Expression of 40 genes involved in C, N, P and S cycling was compared by station and size fraction. The highest median expression ratios for C cycle genes were for phaP and phaR (0.4 and 0.10 transcripts gene copy−1), which mediate C storage as polyhydroxyalkanoate, and pcaH (0.10 transcripts gene copy−1), which encodes aromatic ring cleavage (Figure 2 and Supplementary Table S3). Among N cycle genes, ammonia oxidation gene amoA and nitrogen fixation gene nifH had the highest median expression (0.7 and 0.5 transcripts gene copy−1). Among P cycle genes, pstC and pstS of the high-affinity phosphate transporter had the highest median expression (0.7 and 0.5 transcripts gene copy−1). Finally, for S cycle genes, N-acetyltaurine amidohydrolase (naaS) and sulfur-oxidizing protein soxB had the highest median expression (0.7 and 0.5 transcripts gene copy−1). The most highly expressed genes were not necessarily common in plume microbial communities. For example, amoA, nifH and phaP were present in <2% of cells (based on genome equivalent calculations; Supplementary Table S2). These cells are contributing disproportionately to discrete steps in N and P cycles.

Figure 2
figure 2

Expression levels of 40 biogeochemically relevant genes plotted by station. Expression ratios were normalized within each gene to the median across all stations and both size fractions (transcripts gene copy−1/median transcripts gene copy−1) and plotted as log2 values. Carbon and phosphorus genes are split into two panels for clarity. Gene abbreviations: Carbon genes—pepALMN, P/X, various aminopeptidases; phaCRZ, polyhydroxyalkanoate synthesis, degradation and regulation; bglA, beta-glucosidase; metF, methylenetetrahydrofolate reductase; pgi, glucose-6-phosphate isomerase; PR, proteorhodopsin; pcaH, protocatechuate 3,4-dioxygenase; vanA, vanillate demethylase. Phosphorus genes—phnDEHM, phosphonate transport and assimilation; pitA, low affinity phosphate transporter; pstACS, high-affinity phosphate transporter components; phoADUX, various alkaline phosphatases. Nitrogen genes—amoA, ammonium monooxygenase; amtB, ammonium transporter; cphAB, cyanophycin synthesis and degradation; glnA, glutamine synthetase; napA, nitrate reductase; narG, nitrate reductase; nifH, nitrogenase. Sulfur genes—dddP, DMSP lyase; dmdA, DMSP demethylase; hpsN, DHPS dehydrogenase; naaS, N-acetyltaurine amidohydrolase; soxB, sulfate thiohydrolase. Detailed description of gene functions are provided in Supplementary Table S6.

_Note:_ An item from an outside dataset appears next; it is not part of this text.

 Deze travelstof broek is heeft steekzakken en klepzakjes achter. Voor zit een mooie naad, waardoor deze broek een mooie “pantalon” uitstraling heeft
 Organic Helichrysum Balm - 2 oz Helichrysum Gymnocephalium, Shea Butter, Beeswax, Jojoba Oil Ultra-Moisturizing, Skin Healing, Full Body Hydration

Two major trends were evident from the expression ratio data. The first was that the majority of genes exhibited peak expression ratios in the mesohaline region and lowest expression ratios in oceanic water (Figure 2 and Supplementary Table S3). For example, the average gene expression ratio across all 40 genes was 1.9 transcripts gene copy−1 for mesohaline Stations 3, 2 and 25 compared with 0.13 transcripts gene copy−1 for oceanic Station 27.

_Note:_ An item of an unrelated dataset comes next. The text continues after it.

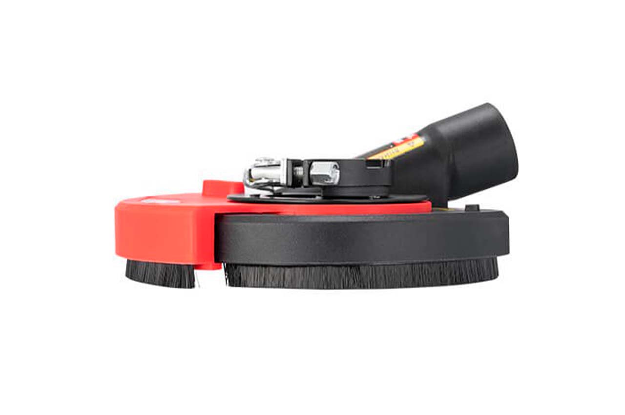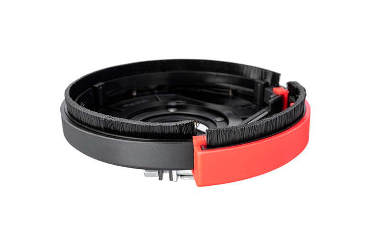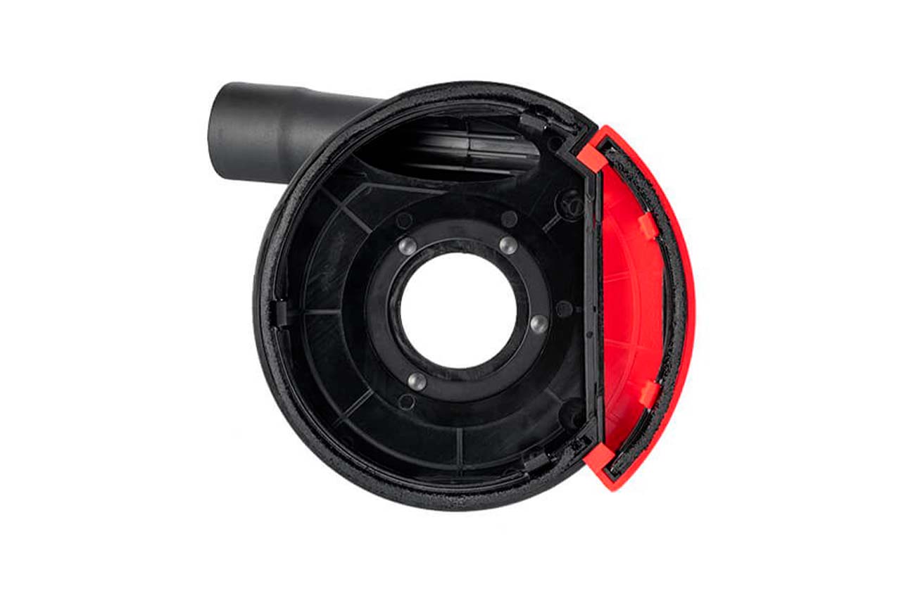 Кожух с пыле отводом ST-0004 предназначен для эффективного отвода пыли из рабочей зоны при обработке поверхностей торцевыми или чашечными фрезами. Есть возможность подключения к пылесосу или пыле сборному мешку. Кожух изготовлен из антистатического ABS-пластика, который значительно снижает количество налипающей на него пыли. Подпружиненный нейлоновый ворс в месте контакта с поверхностью точно повторяет все неровности, минимизируя выбросы пыли наружу. По периметру кожуха расположены отверстия. Во время работы затягиваемый через них воздух создает турбулентный поток, который максимально быстро выводит пыль в патрубок пылеотвода, а также дополнительно охлаждает фрезу, продлевая срок ее службы.

The second trend was that genes in the particle-associated community showed a larger dynamic range of expression compared with free-living. An analysis of the deviation of expression ratios from the median showed that the most extreme variation was found for nifH in particle-associated cells (Figure 3), with expression ratios at Stations 2 and 25 among the highest of any gene surveyed (9 and 32 transcripts gene copy−1) while no expression was found at Station 10 even though genes were present. Ammonium transporter gene amtB in particle-associated cells also had high deviation in expression (Figure 3) despite the fact that all stations had ammonium concentrations at or below the level of detection (Goes et al., 2014) (Figure 1b and Supplementary Table S4). Spatially variable expression ratios offer insights into the biogeochemical processes with the strongest changes along the axis of the plume. Among the 10 genes with the highest deviation around the median value, three carry out transformations in the N cycle (nifH, amtB and amoA), three in the P cycle (pstC and alkaline phosphatase genes phoX and phoU), two in the C cycle (glyceraldehyde-3-phosphate dehydrogenase (GAPDH) in the glycolysis pathway and peptidase pepM) and one in the sulfur cycle (N-acetyltaurine amidohydrolase gene naaS). A gene allowing energy acquisition from sunlight (proteorhodopsin) was also in the top 10 list. Many of these same genes also had high deviation in free-living cells (nifH, naaS, proteorhodopsin, amoA, pstC, phoX and amtB) but the range of variation was considerably less (Figure 3).

Figure 3
figure 3

Variability in the expression ratios of 40 biogeochemically relevant genes, shown as rank order of the median absolute difference by gene and size fraction. PA size fraction, gray bars; FL size fraction, black bars.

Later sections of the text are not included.